### [Requirement]
Once the pictures are set aside, transcribe each line of the data exactly.

### [Material shown]
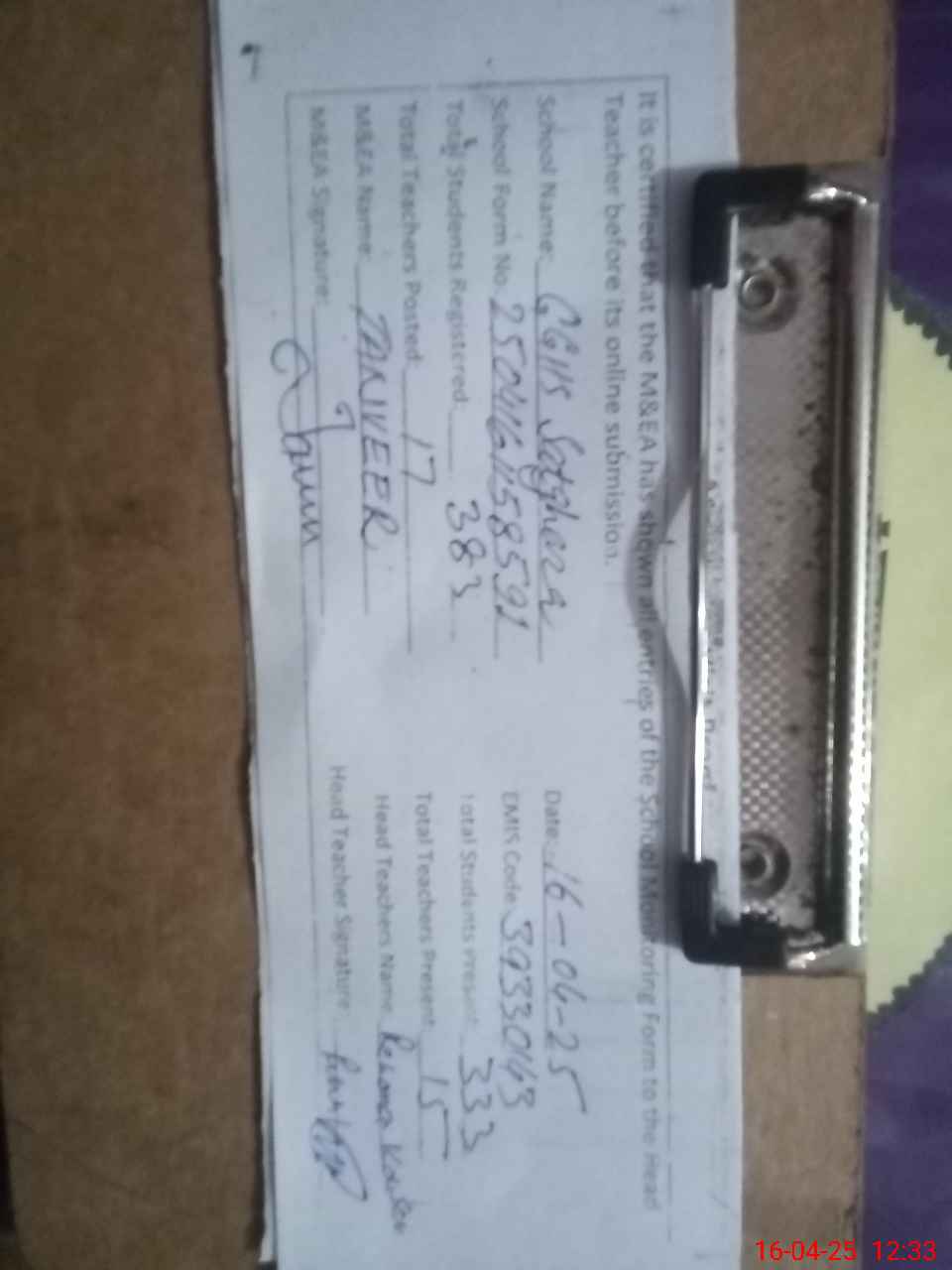 | Attendance Register | Head Teacher | MEA with School | Visit Proof |
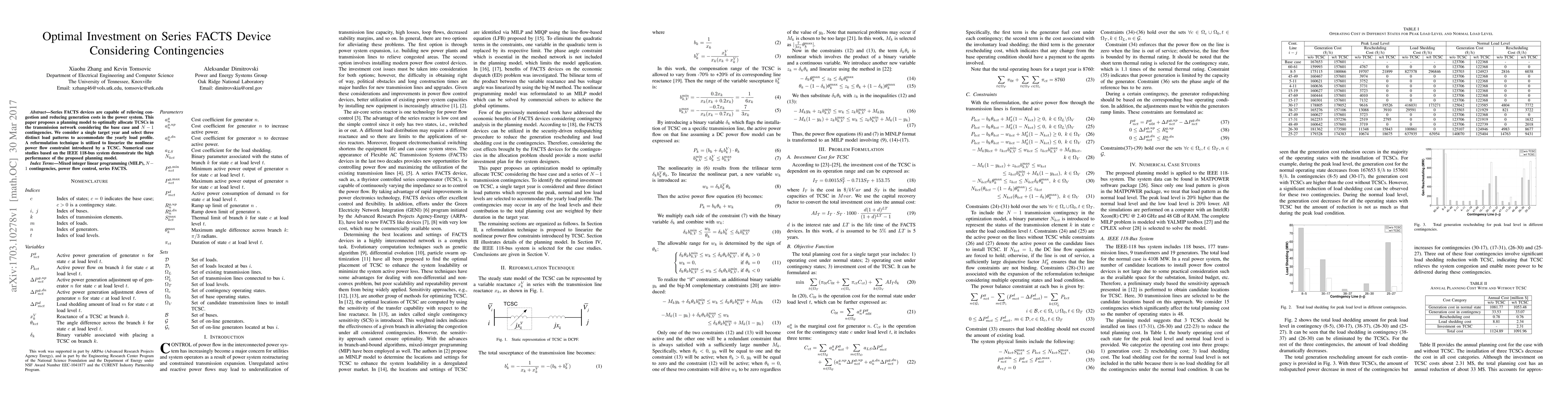 Series FACTS devices are capable of relieving congestion and reducing generation costs in the power system. This paper proposes a planning model to optimally allocate TCSCs in the transmission network considering the base case and $N-1$ contingencies. We consider a single target year and select three distinct load patterns to accommodate the yearly load profile. A reformulation technique is utilized to linearize the nonlinear power flow constraint introduced by a TCSC. Numerical case studies based on the IEEE 118-bus system demonstrate the high performance of the proposed planning model.
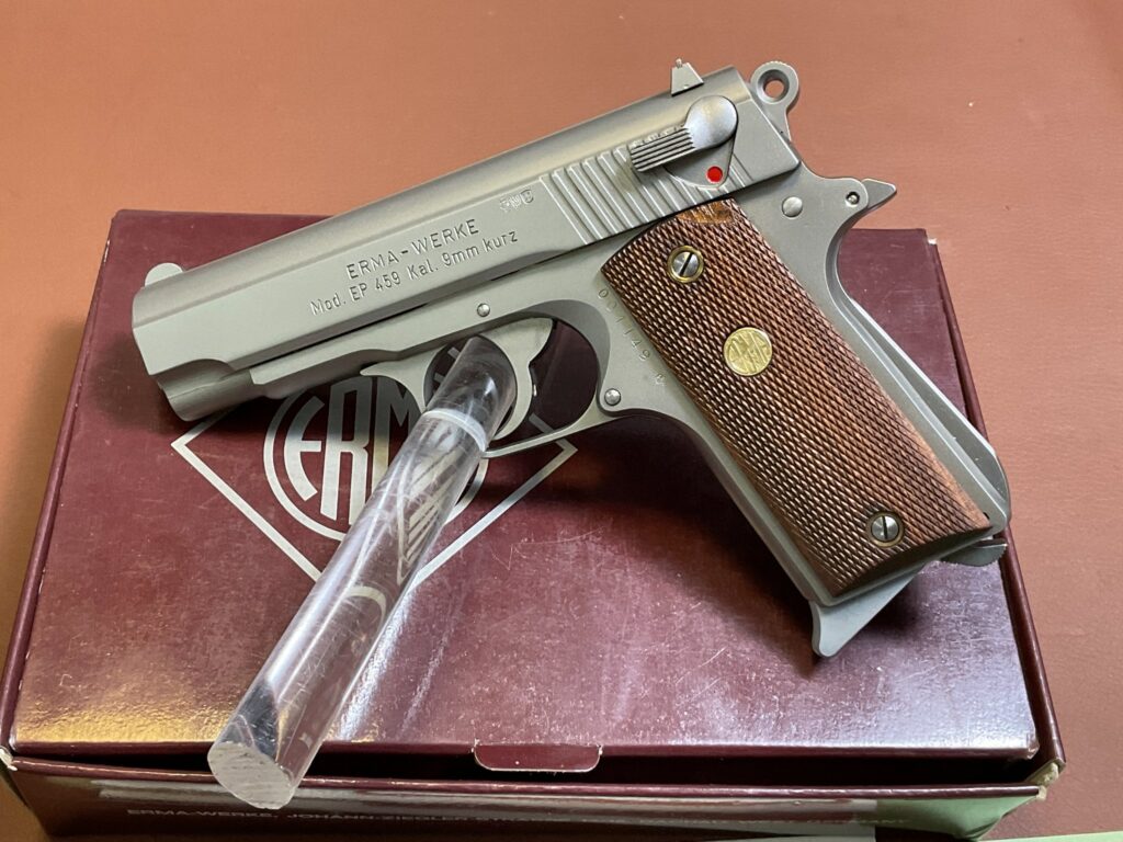 Zum Verkauf steht eine Pistole der Firma Erma, Modell EP459 im Kaliber 9 mm kurz (.380 ACP), in Stainless-Ausführung.
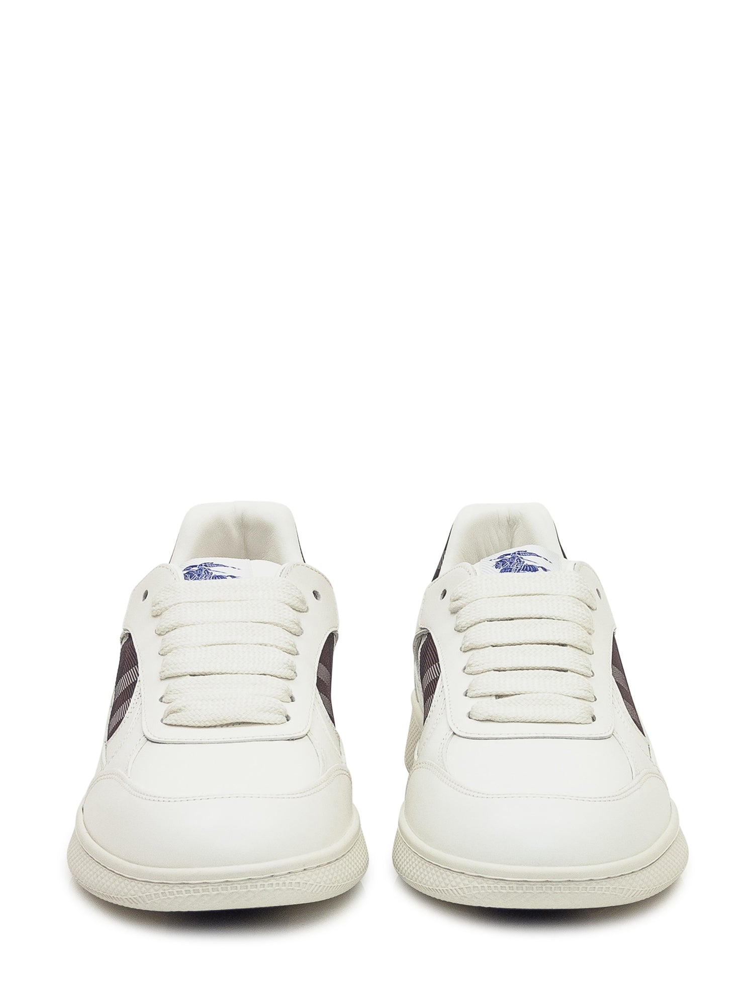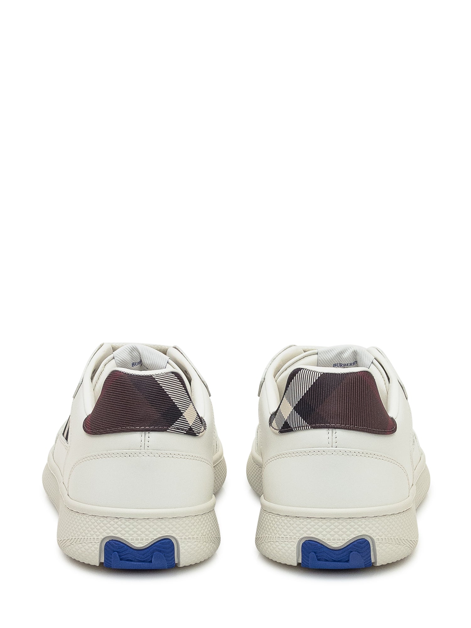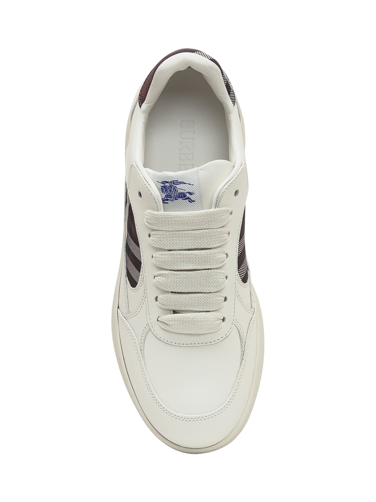 Sneakers Burberry in pelle bianca con inserti in tessuto check sui lati e sul tallone. Suola in gomma tono su tono.
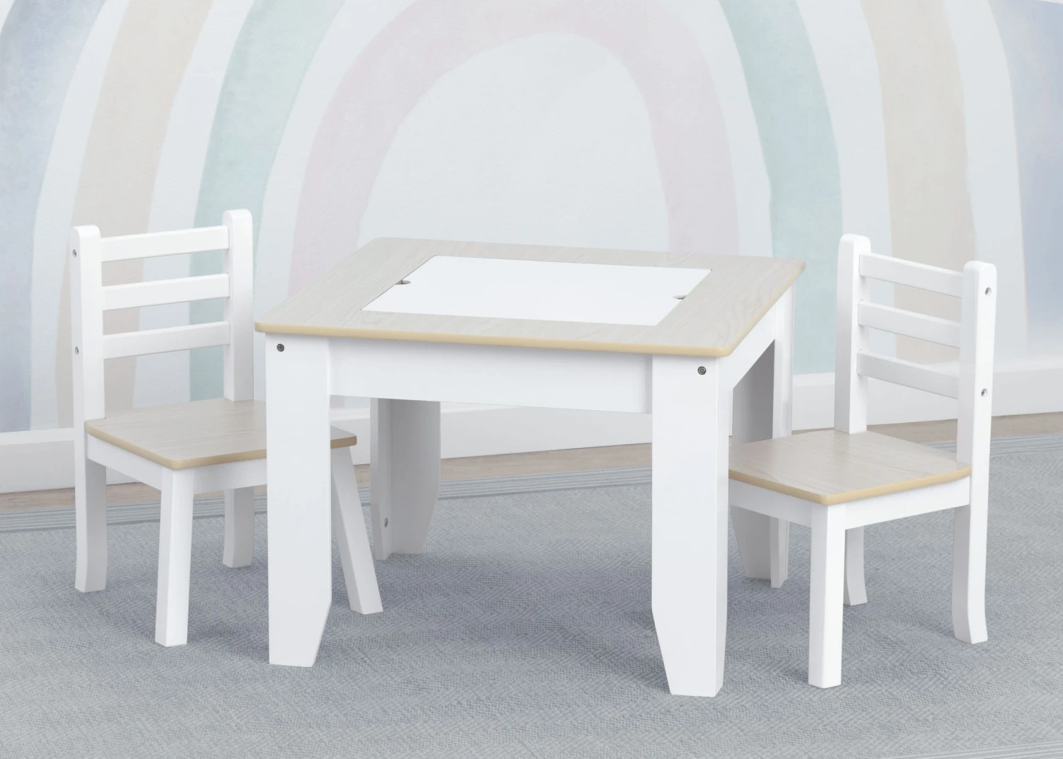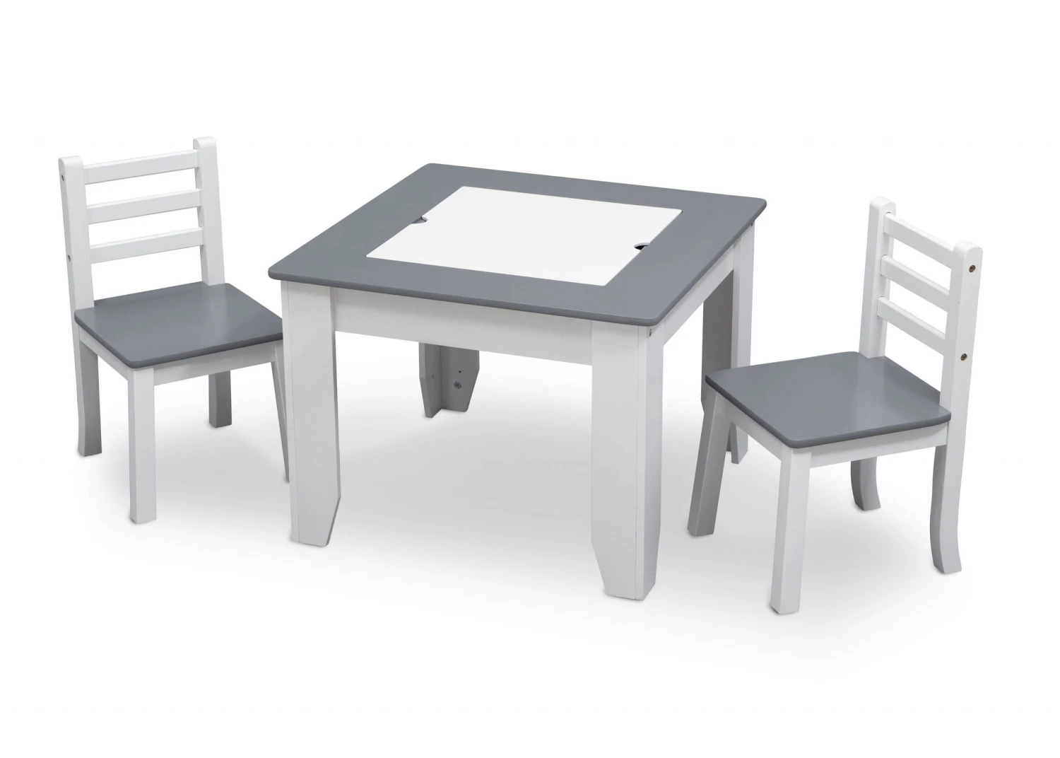 Kids will love getting crafty with the Chelsea Chair Set and Table from Delta Children! It has a double-sided art surface that features a dry erase board that flips into a chalkboard. Underneath the art surface an easy-access storage compartment for markers, paintbrushes, toys and other items. The perfect play table for art projects, tea parties, snacks and more, the Chelsea Chair Set and Table will make a great addition to any room. The table’s modern two-tone design in contemporary shades of grey and white ensures it will look equally cool in the playroom or living room. Table coordinates with other items in the Chelsea Collection from Delta Children.
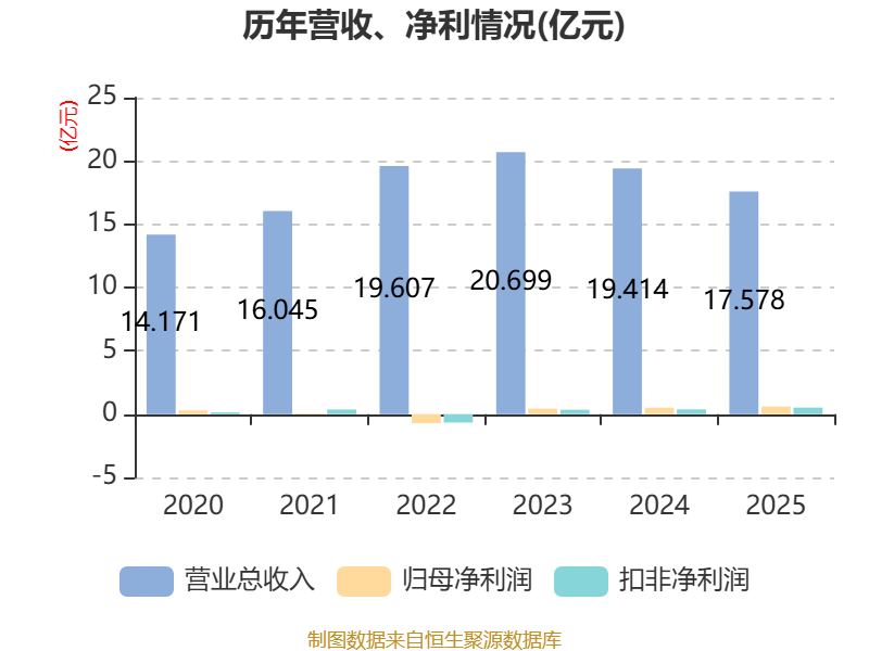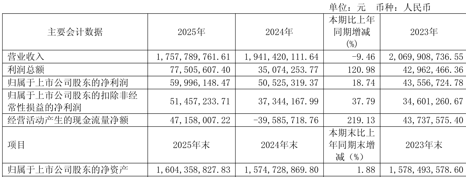 中证智能财讯太龙药业(600222)4月15日披露2025年年度报告。2025年,公司实现营业总收入17.58亿元,同比下降9.46%;归母净利润5999.61万元,同比增长18.74%;扣非净利润5145.72万元,同比增长37.79%;经营活动产生的现金流量净额为4715.8万元,上年同期为-3958.57万元;报告期内,太龙药业基本每股收益为0.1085元,加权平均净资产收益率为3.74%。

### [Result for this task]
 | Attendance Register | Head Teacher | MEA with School | Visit Proof |
 Series FACTS devices are capable of relieving congestion and reducing generation costs in the power system. This paper proposes a planning model to optimally allocate TCSCs in the transmission network considering the base case and $N-1$ contingencies. We consider a single target year and select three distinct load patterns to accommodate the yearly load profile. A reformulation technique is utilized to linearize the nonlinear power flow constraint introduced by a TCSC. Numerical case studies based on the IEEE 118-bus system demonstrate the high performance of the proposed planning model.
 Zum Verkauf steht eine Pistole der Firma Erma, Modell EP459 im Kaliber 9 mm kurz (.380 ACP), in Stainless-Ausführung.
 Sneakers Burberry in pelle bianca con inserti in tessuto check sui lati e sul tallone. Suola in gomma tono su tono.
 Kids will love getting crafty with the Chelsea Chair Set and Table from Delta Children! It has a double-sided art surface that features a dry erase board that flips into a chalkboard. Underneath the art surface an easy-access storage compartment for markers, paintbrushes, toys and other items. The perfect play table for art projects, tea parties, snacks and more, the Chelsea Chair Set and Table will make a great addition to any room. The table’s modern two-tone design in contemporary shades of grey and white ensures it will look equally cool in the playroom or living room. Table coordinates with other items in the Chelsea Collection from Delta Children.
 中证智能财讯太龙药业(600222)4月15日披露2025年年度报告。2025年,公司实现营业总收入17.58亿元,同比下降9.46%;归母净利润5999.61万元,同比增长18.74%;扣非净利润5145.72万元,同比增长37.79%;经营活动产生的现金流量净额为4715.8万元,上年同期为-3958.57万元;报告期内,太龙药业基本每股收益为0.1085元,加权平均净资产收益率为3.74%。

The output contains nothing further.